PALU – Massa dari Front Pemuda Kaili (FPK) Sulawesi Tengah (Sukteng) bersama tokoh adat dan masyarakat sekitar tambang, menggelar aksi demonstrasi di Kantor PT Citra Palu Minerals (CPM), di Kelurahan Poboya, Senin (10/02).
Ketua FPK Sulteng, Erwin Lamporo selaku penanggung jawab aksi, mengatakan, demonstrasi itu ditujukan kepada pemerintah pusat dalam hal ini Kementerian Energi dan Sumber Daya Mineral (ESDM).
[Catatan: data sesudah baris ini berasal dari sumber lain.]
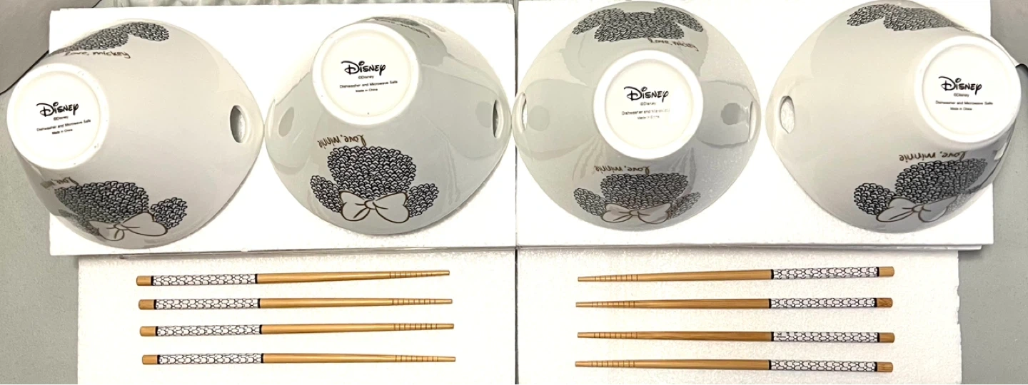 Set of 4 **Disney Mickey & Minnie bowls with matching chopsticks.

Menurutnya, sejatinya kehadiran perusahaan di suatu daerah dapat menjadi sarana untuk menciptakan kesejehteraan dan kesetaraan hidup masyarakat (ekonomi, sosial, dan budaya).
“Namun anazir tersebut ternyata tidak selalu benar. Keberadaan CPM justru berpotensi menciptakan kesenjangan sosial dalam tatanan masyarakat serta dikhawatirkan akan bermuara pada terjadinya perpecahan dalam masyarakat akibat konflik kepentingan,” kata Erwin.
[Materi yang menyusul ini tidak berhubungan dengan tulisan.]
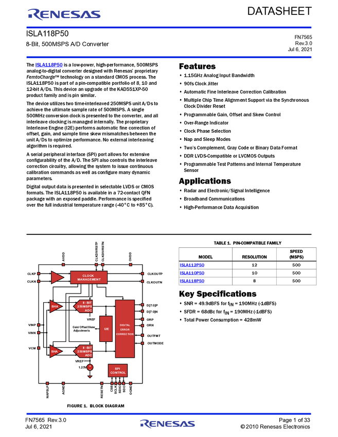 ISLA118P50 8-Bit, 500MSPS A/D Converter
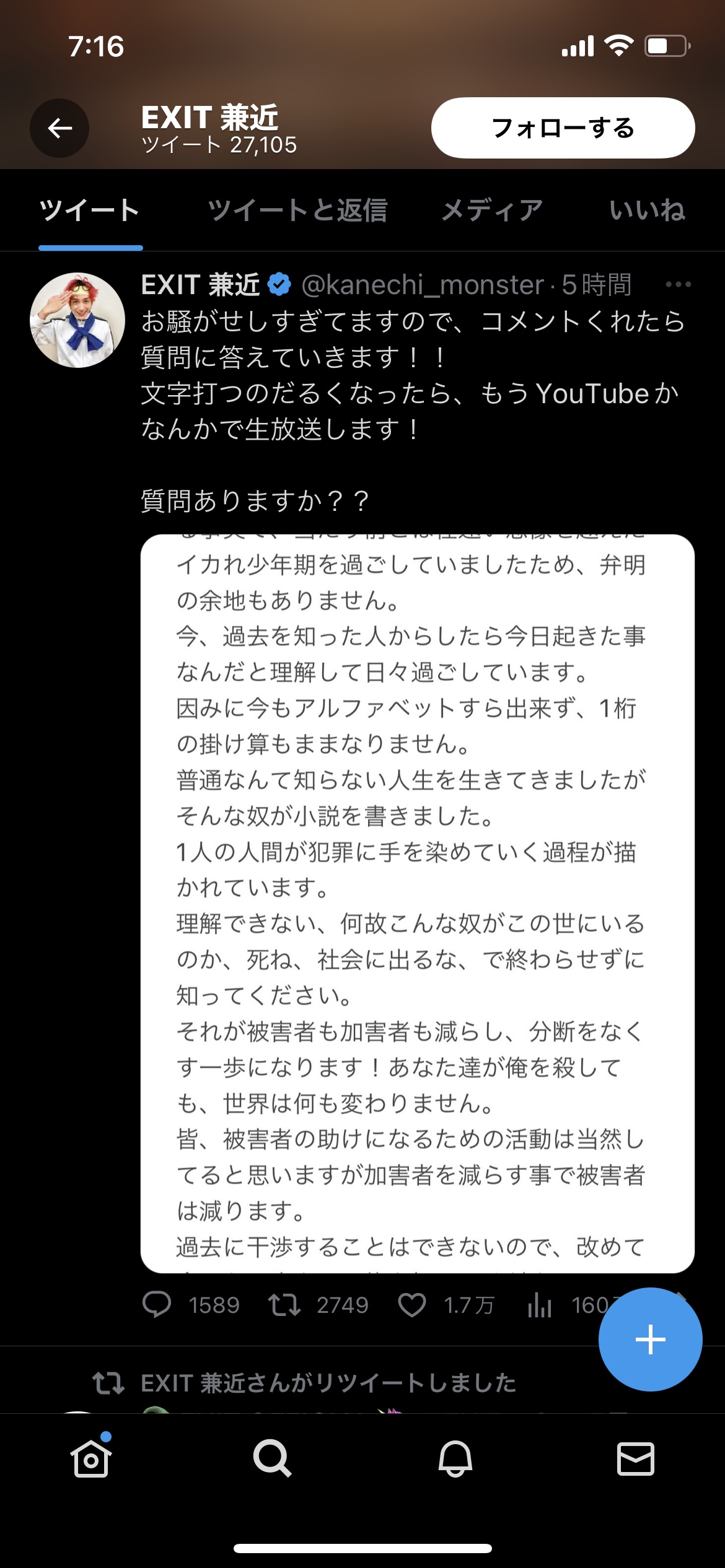 【画像】EXIT兼近さん、Twitterでお気持ち表明wwwwwwwwwwwwwwwwwwwwwwwwwwwwwwwwww

Ia juga menyoroti metode pertambangan bawah tanah yang dirancang di kawasan Poboya yang notabene berada di jalur Sesar Palu Koro.
“Aktivitas ini berisiko merusak hidrogeologi kawasan, termasuk mengganggu aliran Sungai Pondo yang menjadi sumber utama air bagi masyarakat sekitar. Memaksakan tambang bawah tanah dengan alasan kandungan emas yang lebih besar di lapisan bawah, tanpa memikirkan dampaknya terhadap masyarakat dan lingkungan,” katanya.
Kata dia, ancaman nyata berupa risiko gempa, longsor, perubahan alur sungai, penurunan debet air dan sumber mata air serta pencemaran air Sungai Pondo kelak akan dialami oleh masyarakat sekitar lingkar tambang dan Kota Palu.
“Kami bersama seluruh elemen masyarakat sekitar lingkar tambang mendesak kepada Pemerintah Provinsi Sulawesi Tengah dan Kementerian ESDM agar mencabut izin konsesi PT CPM dan menghentikan segala aktivitasnya,” katanya.
Ia bahkan mengancam bahwa pihaknya juga akan melakukan penyegelan secara adat di lokasi tersebut.
Terkait metode pertambangan underground atau bawah tanah, General Manager (GM) External Affairs and Security PT Citra Palu Minerals (CPM), Amran Amier, menyampaikan bahwa metode tersebut tidak serta merta dilakukan pada saat ini. Analisis Mengenai Dampak Lingkungan (AMDAL) sudah dirancang sejak Tahun 2017.
“Itu bukan perkara yang mudah, membutuhkan kajian yang melibatkan ahli. Tentu yang dikaji dari berbagai aspek, mulai dari sisi lingkungan, termasuk kajian kegempaan karena adanya patahan Palu Koro,” jelas Amran.